> _Directions_
Omit the pictures. Transcribe exactly the lines below, from the one with "Вит-Актив для собак" up to and including the last.

> _Available data_

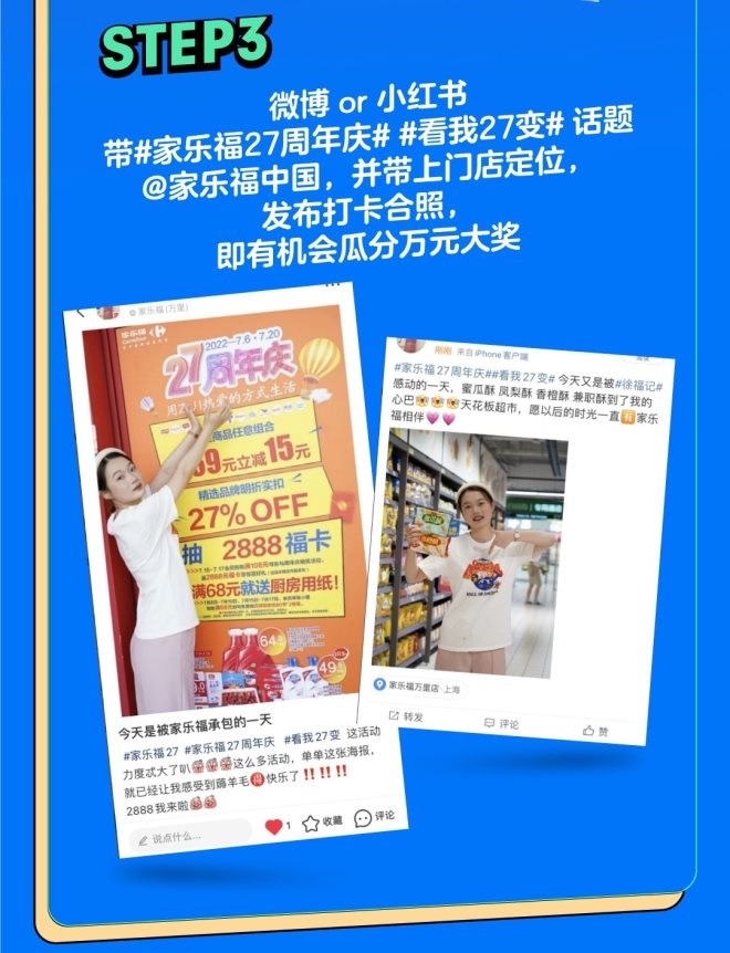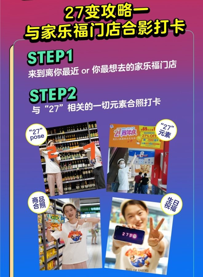 同時(shí),7月9日至7月20日期間,在家樂福門店拍攝帶有“27”元素的照片、視頻打卡,即可參與家樂福周年慶“看我27變”線上慶生特別活動(dòng)?梢耘c任意“27”元素合影,可以挑選心儀的商品配合拍照,也可以在商品的配合下擺出“27”的造型,更可以為家樂福27周年慶送上生日祝!臄z照片、視頻,在微博或小紅書平臺(tái)帶#家樂福27周年慶##看我27變#兩個(gè)指定話題發(fā)布,@家樂福中國并帶上門店定位,即可參與。
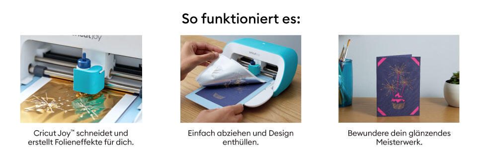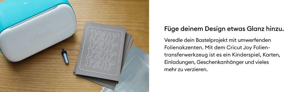 Verleihen Sie Ihren Cricut Joy Projekten einen Hauch von Glanz und Schimmer mit atemberaubenden Folienakzenten - denken Sie an Karten, Einladungen, Geschenkanhänger und mehr. Mit diesem einzigartigen Werkzeug erzielen Sie glänzende, polierte Ergebnisse auf Profi-Niveau. Mit den 12 mitgelieferten Folientransferblättern haben Sie alles, was Sie brauchen, um sofort wie ein Profi zu arbeiten. Folgen Sie einfach den Anweisungen in der Cricut Joy App oder im Design Space, und wenn Ihr Cricut Joy Gerät fertig ist, ziehen Sie es ab, um den Schimmer und Glanz zu enthüllen.
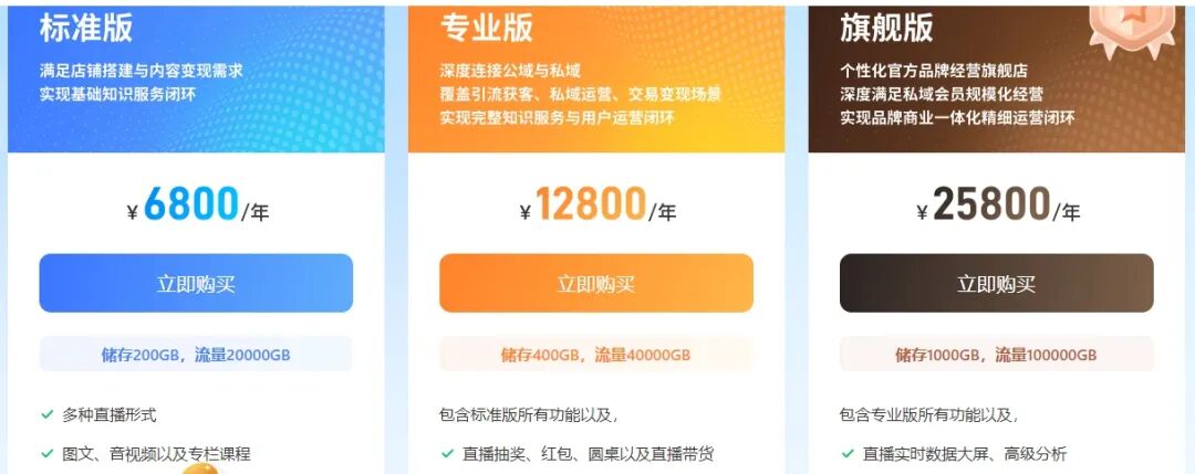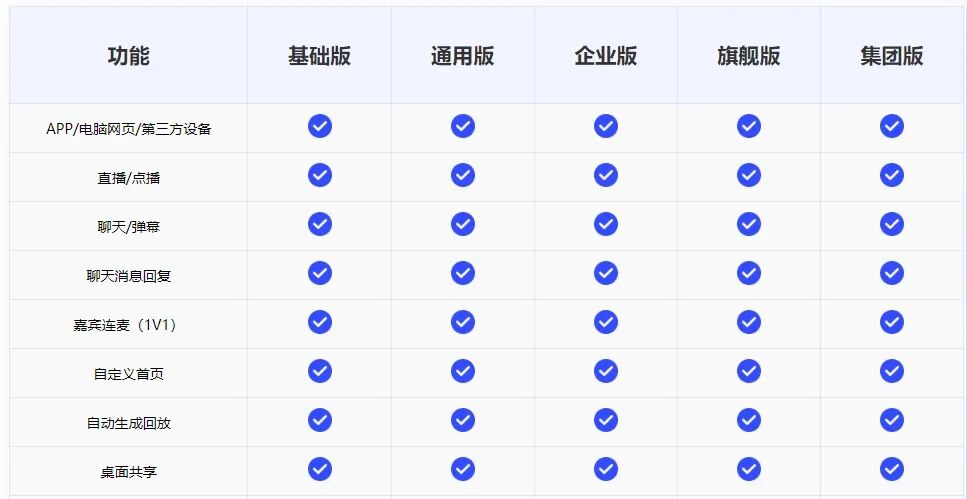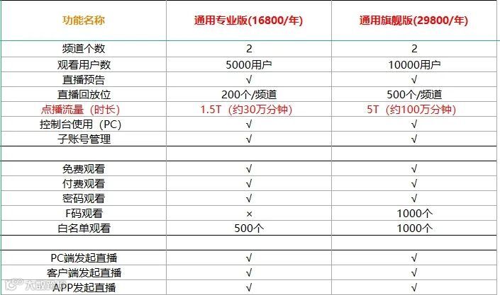 有因直播是根据版本来收费的,目前有基础版、通用版、企业版、旗舰版、集团版五个版本,用户可按需选择版本。
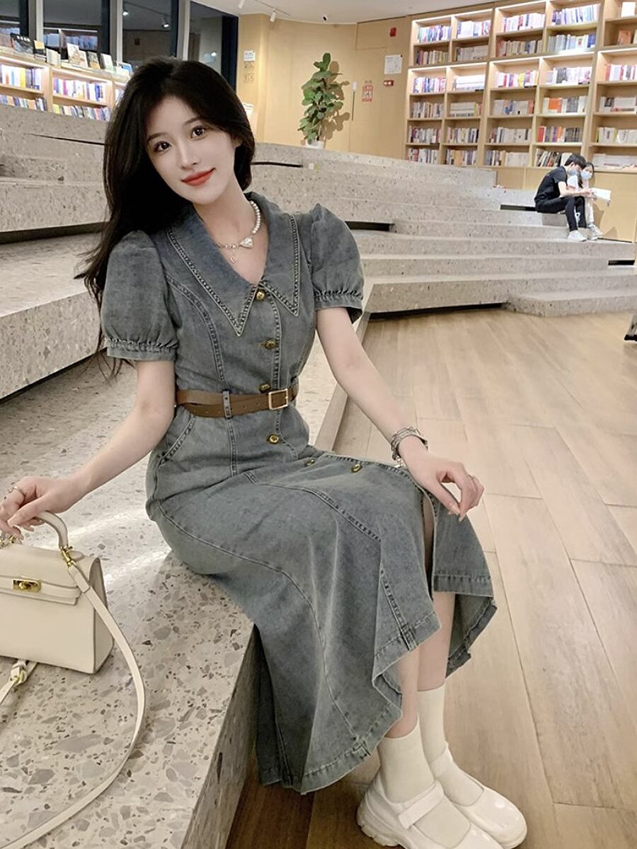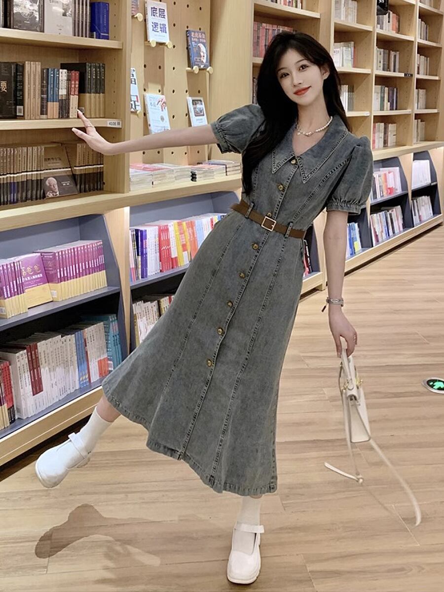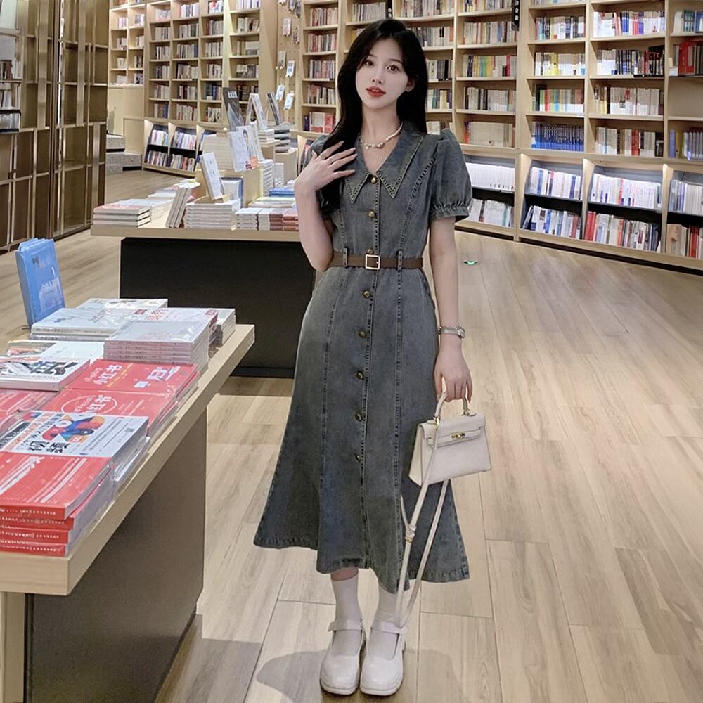 デニムロングワンピースベルト付き デニムワンピ ベルト付き 膝下 ミモレ ロング 袖あり 半袖 萌袖 襟付き Aライン フロントボタン シャツワンピース 切り替えデザイン ベルト ウエストマーク ポケット 前開き デニム 春夏 かわいい 大人可愛い きれいめ シンプル ベーシック おしゃれ お洒落 かっこいい レトロ 大人女子 こなれ感 ラブリー キュート ガーリー 個性的 モード系 エレガント モダン 主役級 存在感 抜け感 韓国コーデ 韓国ファッション 青
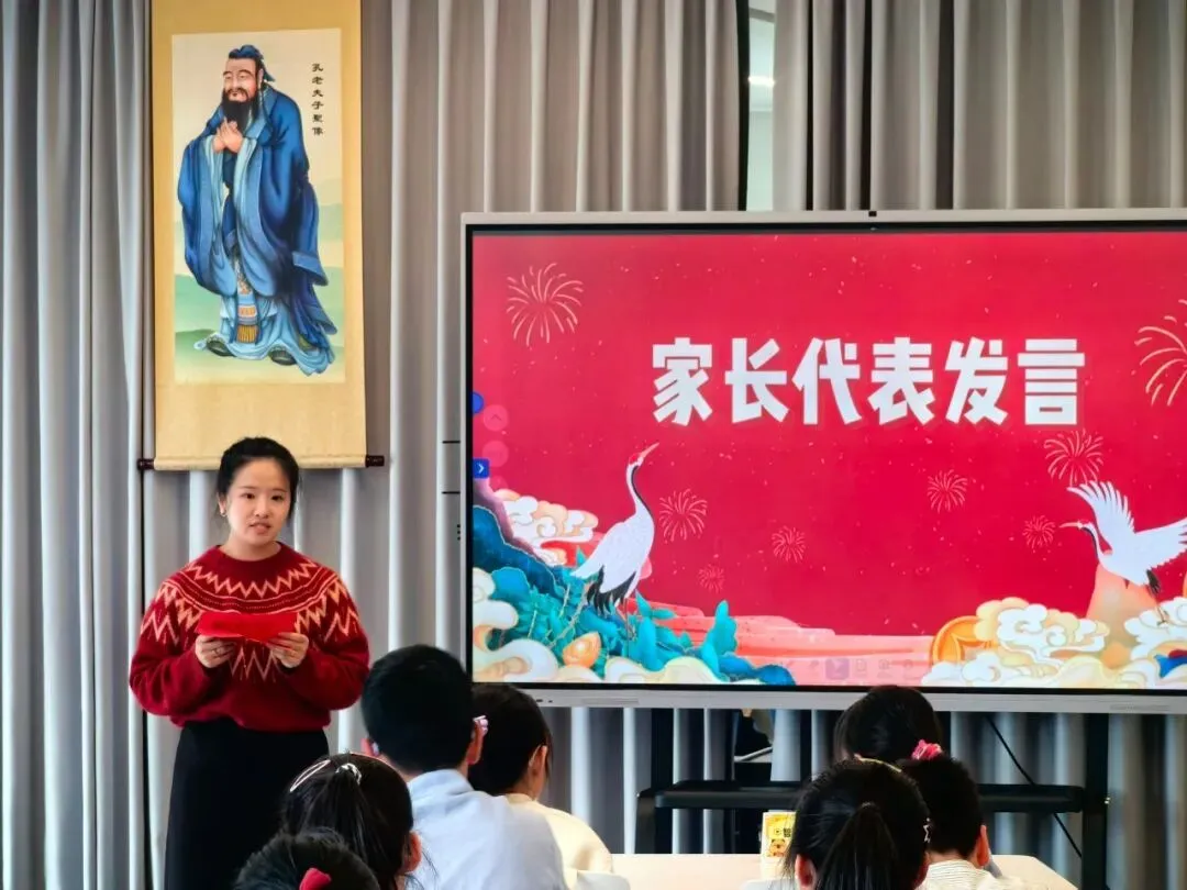 家校携手,共育良才。“国学是孩子成长的根基,陪伴是父母最长情的告白。”孩子的成长离不开家庭的温暖陪伴;班级的进步离不开家长的默默支持。家长代表沈利芳女士、夏之莲女士的发言,满含深情,字字入心。首先向辛勤付出的老师们致以衷心感谢,随后分享了家庭教育中陪伴孩子学习国学的点滴。家长代表娓娓道来,见证孩子在浦江学堂的蜕变与成长,感恩学堂提供的优质公益国学平台,承诺继续陪伴孩子坚持学习,以家风滋养学风,与学堂同向同行。
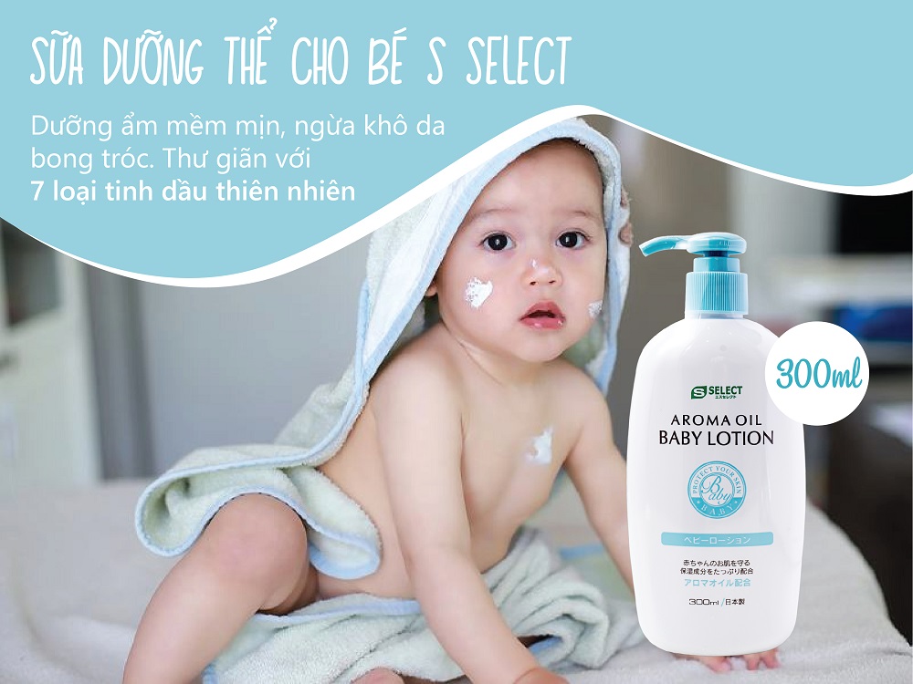 Sữa dưỡng thể tinh dầu thơm thiên nhiên cho bé S Select giúp dưỡng da toàn thân giúp tăng cường độ ẩm cho da, giúp ngăn ngừa và cải thiện tình trạng da thô ráp, bong tróc, sần sùi do thiếu ẩm, dưỡng da mềm mại, mịn màng.
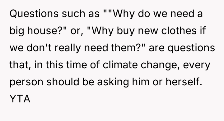The original poster (OP) is struggling with a conflict where their sister-in-law's strong anti-materialistic stance is influencing the OP's children to question their family's comfortable lifestyle.
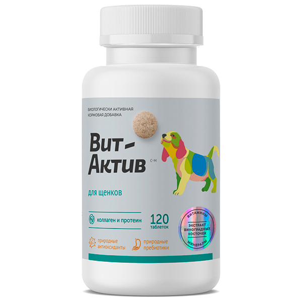 Вит-Актив для собак С-М для щенков 120 таб. корм. добавка СРОК РЕАЛ 22.02.26
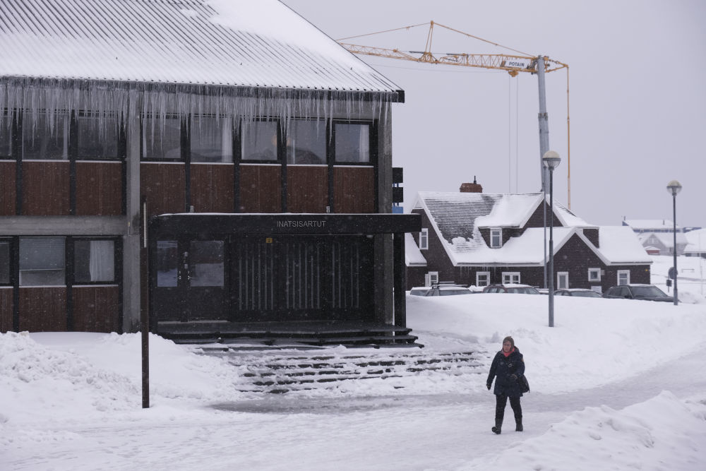2025年3月24日,在丹麥自治領(lǐng)地格陵蘭島首府努克,一名行人經(jīng)過(guò)格陵蘭島自治議會(huì)。新華社記者張玉亮攝
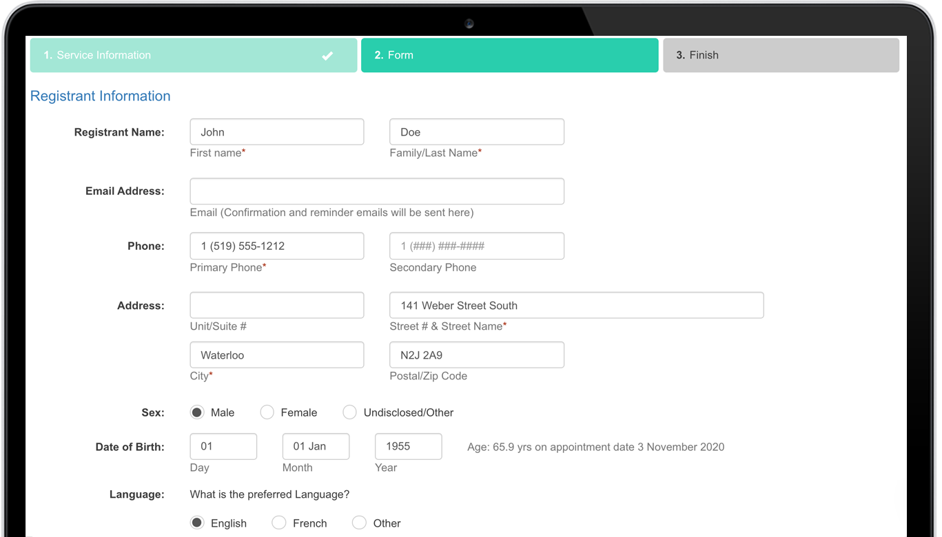 Once the service and appointment time have been selected, the client's data from CHRIS will automatically populate the Caredove referral form, including name, birth date, alternate contact information, and more. More information, including attachments, can be added to the form.
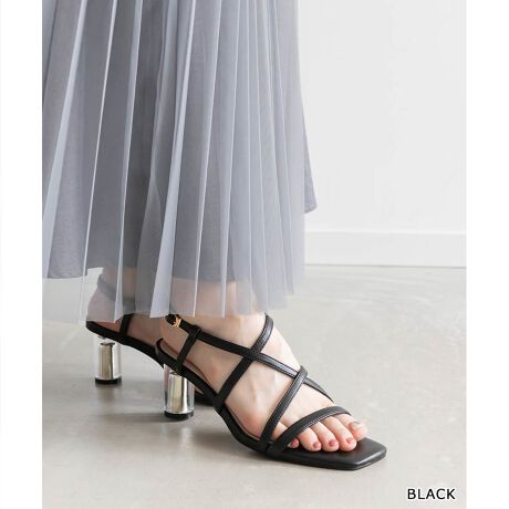 ナローストラップがレディライクな足元を演出してくれるヒールサンダル。

> _Output for this task_
 Вит-Актив для собак С-М для щенков 120 таб. корм. добавка СРОК РЕАЛ 22.02.26
2025年3月24日,在丹麥自治領(lǐng)地格陵蘭島首府努克,一名行人經(jīng)過(guò)格陵蘭島自治議會(huì)。新華社記者張玉亮攝
 Once the service and appointment time have been selected, the client's data from CHRIS will automatically populate the Caredove referral form, including name, birth date, alternate contact information, and more. More information, including attachments, can be added to the form.
 ナローストラップがレディライクな足元を演出してくれるヒールサンダル。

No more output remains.